Should the opposite occur (post IPO-price falls below listing price), that is where it gets interesting (or not);


  • The loan book: Assuming the system worked perfectly, Equity would have received all the refunds from the 25% oversubscription (I have increased this because Equity lent to Safcom employees who had a much higher subscription), and 2ndly, assuming that the loans were not extended for other purposes, then the loan book that we are concerned with is between ksh5-9bn. Of this, good speculators would have disposed at a profit and paid back their portion-lets assume 20% were able to do this i.e. we now have between ksh4-7bn. Then those who panicked once share started falling so as to avoid having to find the bucks from elsewhere, I'd say another 30%. Thus leaving us with around ksh2.5-4.5bn. Of this, I'd say you have those who are more than happy to pay-off the loan and hold onto the shares for the long-term. This would probably be institutions or the high-net worthy. My estimate of the loan that Equity would effectively have to account for would be around ksh4bn as a worst case scenario. This then its holding in Safaricom. However, do note that is a big assumption to make i.e. that so many investors couldn't find the money to pay their loans. And also that this doesn't represent non-performing loans in the strictest sense of the word.
  • Income impact: Equity is likely to see loss of interest and commission from selling Safcom shares. Using Ssem's interest rates, we have ksh0.5bn of lost income. However, the income from Safaricom IPO was always one-off (and hence why many have discounted it for Q3 and Q4).
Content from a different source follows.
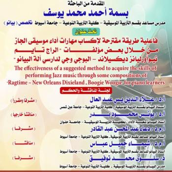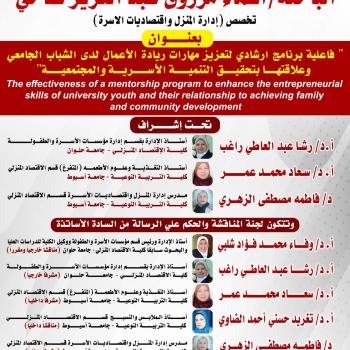 دعوة لحضور مناقشة رسالة دكتوراه بقسم الاقتصاد المنزلي للباحثة / أسماء مرزوق

  • Capital impact: In accountancy terms, any unrealised gain or loss on assets never touches your P&L, but goes into your reserves. However, the unrealised gain or loss is counted as part of your capital. Equity would therefore take a hit on its capital equal to the reduction from the ksh5 listing price i.e. ksh1bn if shareprice is ksh4 on 31st of Dec.

Bottomline: Income impact relates to one-off downside, but there is a definite capital hit.